» Task instructions: Below are the records; return exactly the lines from the one with "die Kommunikation und" through the final line, both included, minus any pictures.

◆ ◆ ◆ ◆ ◆

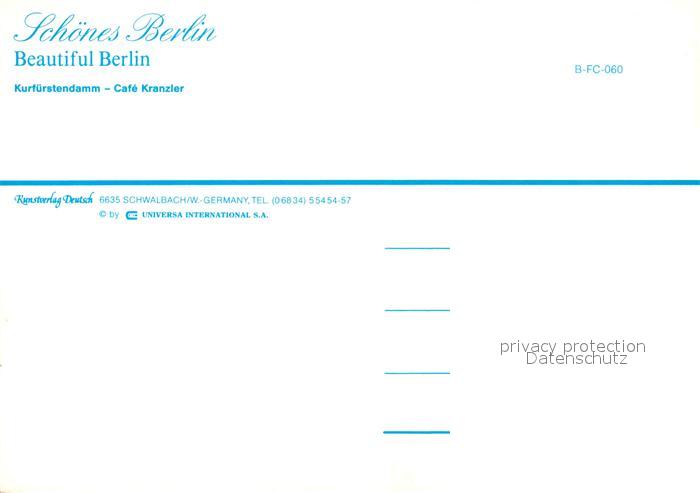 73060915 BERLIN CITY Cafe Kranzler Kurfuerstendamm postalisch nicht gelaufen Erhaltung siehe scans [FriedD77] KatCode: 11110011000000
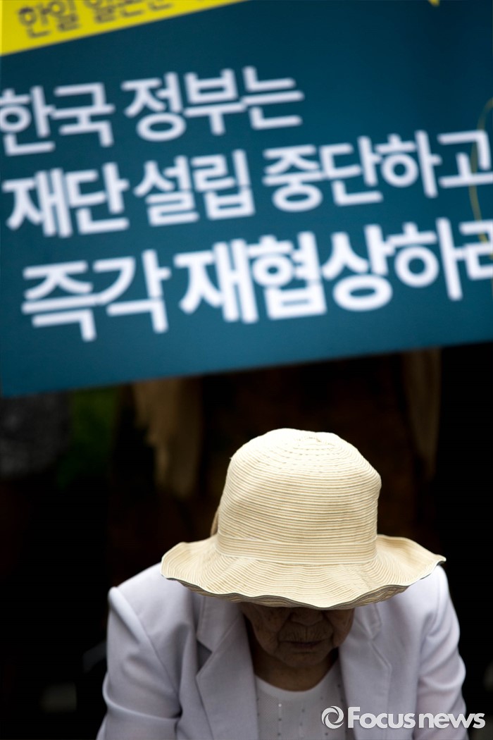 (서울=포커스뉴스) 25일 오전 서울 종로구 정부서울청사 앞에서 화해·치유재단 설립 강행하는 정부를 규탄하는 정대협(한국정신대문제대책협의회) 및 일본군 위안부 피해자 할머니들의 집회가 열리고 있다.
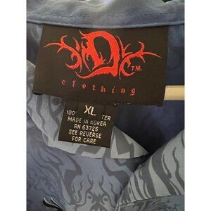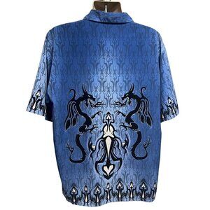 Dragonfly Mens Vintage Rockabilly Blue Dragons Flames All Over Print Button Front Shirt XL. Great Pre-Owned Vintage Condition Gently Worn. Ships from smoke free home.
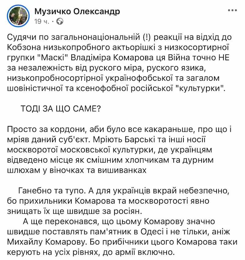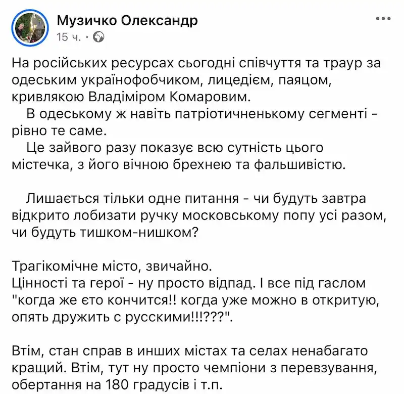 Одеський національний університет імені І. І. Мечникова розпочав офіційне службове розслідування щодо історика Олександра Музичка. Причиною стали його провокаційні публікації в соціальних мережах про смерть легендарного учасника «Маски-шоу» Володимира Комарова.
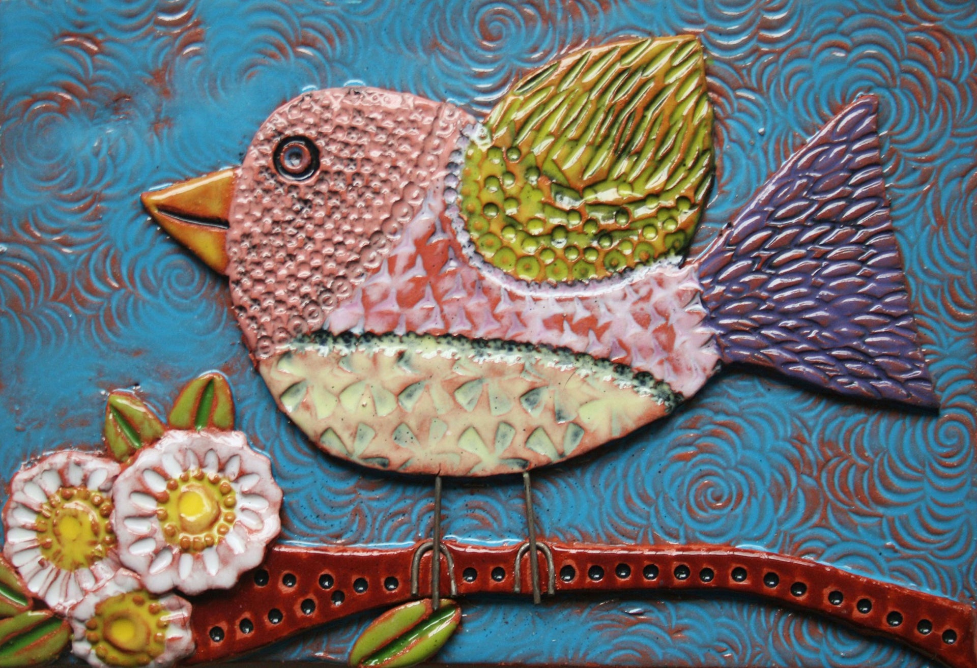 This handcrafted ceramic wall art tile measures approximately 7inches x 6 inches x 3/4 inch.  All of White Clover Kilns wall art tiles are created from slabs of clay that are cut, layered, textured and glazed, and fired in our studio .  Mary creates each piece by hand without the use of molds making each piece a unique, one of a kind artwork.  The tiles come with an embedded wire loop in the back for hanging.  If you would like your tile to be grouted onto a wall please inform us at the time of ordering so that we do not include this loop when creating your piece.
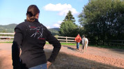 Stallbesitzer abgesprochenes "Reha-Konzept". Zusammenarbeit ist hier die Devise, bei der eine Person die Zügel in der Hand, sowie die Kommunikation und
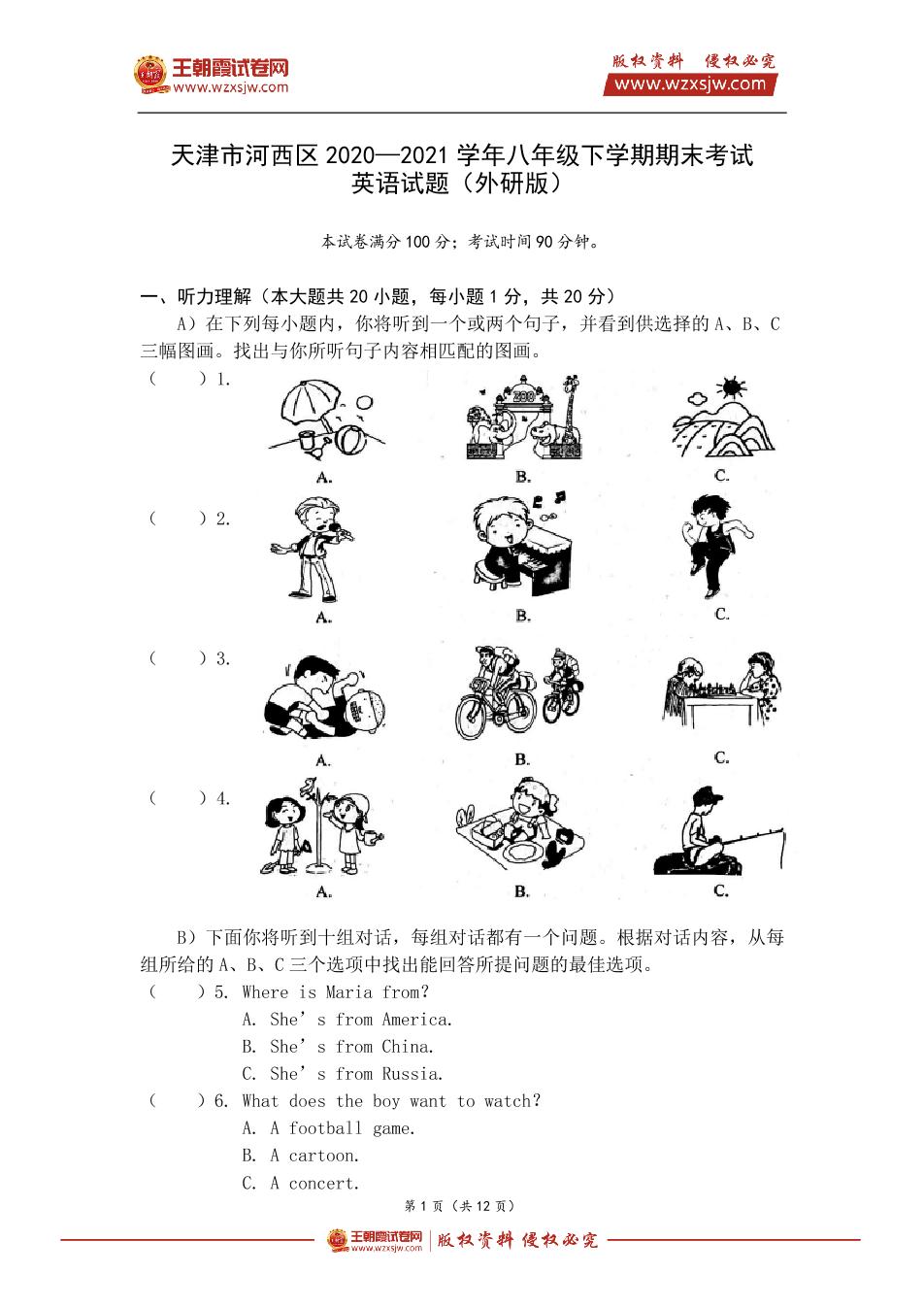 天津市河西区2020—2021学年八年级下学期期末考试英语试题(外研版)

◆ ◆ ◆ ◆ ◆

» Response area:
 Stallbesitzer abgesprochenes "Reha-Konzept". Zusammenarbeit ist hier die Devise, bei der eine Person die Zügel in der Hand, sowie die Kommunikation und
 天津市河西区2020—2021学年八年级下学期期末考试英语试题(外研版)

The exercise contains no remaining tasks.